I'm referring to owning a Vizsla, although my hubby is quite a lot of work... but that's an entirely different topic.


----------



## mswhipple (Mar 7, 2011)

Hi, rubix1, and welcome! ;D

In response to your initial post, yes, there ARE owners who don't use crates and have been successful. I am one of them (clearly in the minority).


----------



## Darcy1311 (May 27, 2012)

Darcy is 2 in a couple of months and loves her crate, she thinks it more sanctuary, but we are thinking about removing the crate now, but feel she still needs the sanctuary when we are out of the house,so we are looking into pet igloo's, they offer the safe security that she likes but without a door shutting her in. She is well past her chewing stage and the only reason we crate her while we are out..(and she is not in it long).. is purely to keep her from harm as she can be boisterous and I wouldn't like her to hurt herself while we were out..


----------



## maplevizsla (Oct 26, 2012)

Before ditching the crate though after your Vizsla has proven itself worthy of being trusted outside of it and free-roaming the house....if it was/is her sanctuary, why take it away? I had 3 crates lined up in my bedroom and I remeber Hunter, Wager and Brandy all went into their crates sometimes all at one, one at a time, or 2 in 1  I always left the doors open and they went in on their own to have quiet time (even though a couch or bed was nearby).

Even now Brandy at 9yrs old still goes to her crate at times to get some down time away from all the comotion, the door is always open.


----------



## Rufus Tiberius (Dec 18, 2012)

I would definitely crate train.
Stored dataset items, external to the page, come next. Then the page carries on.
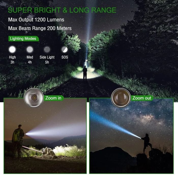 Multipurpose LED Light as it is effortlessly illuminate every corner of your house or campsite. There are 4 lighting modes: strong/medium/strobe/side light mode. Also offers a zoomable feature that helps you easily see bushes up to 550 yards away when you use the spotlight mode.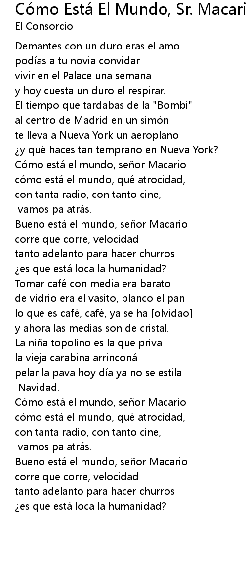| Song | Cómo Está El Mundo, Sr. Macario |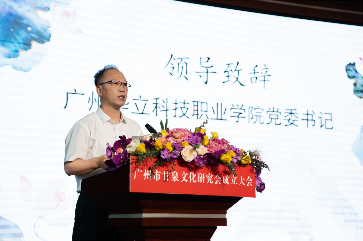 广州华立科技职业学院陈良声书记在致辞中对广州市甘泉文化研究会的成立表示最诚挚的祝贺,并强调教育是文化传承与创新的重要阵地,广州华立科技职业学院将全力以赴支持广州市甘泉文化研究会的各项工作,争取多出研究成果,出好研究成果,不断丰富甘泉思想文化体系。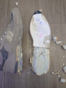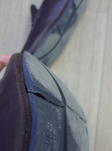 こちらも経年劣化によりソールが割れています。ちょっと特殊な構造で、靴の中までソールが埋め込まれている為、EVA素材で埋めてから作成したソールを接着しました。

I can say from experience it will help in house training and stop bad habits from developing. 

When I got my last Vizsla I thought putting him in a crate was inhumane. I had him sleeping in my bed almost from the day I got him. Many a night I woke up with soiled sheets, eaten comforter, blankets, sheets, down pillows, etc. Put him out in my yard when I was away for short periods and would come home and find my yard destroyed.
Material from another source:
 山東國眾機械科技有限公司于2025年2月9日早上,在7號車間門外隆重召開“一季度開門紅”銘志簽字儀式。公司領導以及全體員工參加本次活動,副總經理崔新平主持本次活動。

When left alone in the house unsupervised I paid the price with him eating (he was teething) my expensive shoes, business suits, furniture just bout anything he could get his teeth on. Admittedly, I should have listened to those who knew better, but I chose not too, and paid dearly for my stupidity.

I swore that if I ever got another Vizsla, or any other breed of dog, I would not make the same mistakes a second time.

So this time, I did my research, talked to breeders (actually listened to them this time) and saw the advantages of using a crate.

When I picked up Tiberius at LAX after an 8 hour flight from Chicago got him home and put him in a big box for his first few nights at his new home, getting up every couple of hours to take him outside to his designated poop and whiz spot. On the fourth night put him in his crate and continued with getting up every couple of hours to take him out side. Never had an accident in his crate and only two poop accidents in the house because I wasn't watching close enough him. Yes, he has gotten into things I didn't want him into, but these have been minor things, not of the magnitude and the associated costs my last Vizsla did to me.

I have never used his crate as punishment.

For the last seven months I put him in his crate whenever I have to be away for longer than two hours or the wheather is to cold or rainy for him to be outside. Put him in his crate when I go take a shower, have friends or clients over. Even feed him in his crate from time to time. Other times he is curled up in a chair next to me in my office or, when allowed, next to me on the couch.

My last V cost me in the low 5 figures to replace or repair the damage he had done. Crate training would have spared me this expense. 

He now spends half his nights now either under the covers, in my bed, with me, or in his crate. 

I will continue to use his crate for the foreseeable future.

If only I had listened the first time.


----------



## Darcy1311 (May 27, 2012)

maplevizsla said:


> Before ditching the crate though after your Vizsla has proven itself worthy of being trusted outside of it and free-roaming the house....if it was/is her sanctuary, why take it away? I had 3 crates lined up in my bedroom and I remeber Hunter, Wager and Brandy all went into their crates sometimes all at one, one at a time, or 2 in 1  I always left the doors open and they went in on their own to have quiet time (even though a couch or bed was nearby).
> 
> Even now Brandy at 9yrs old still goes to her crate at times to get some down time away from all the comotion, the door is always open.
> [/quote
> ...


----------



## Must dash (Nov 15, 2012)

Liking your editing Darcy1311 

If you do find a good igloo bed I would be very interested. Following on from reading a cave bed thread, I've looked for one in the uk, but haven't seen anything similar. The only igloo beds I seem to have found are for cats or toy breeds. We have a caravan which Sadie's crate would not fit into, so I thought one of these types of bed would be good.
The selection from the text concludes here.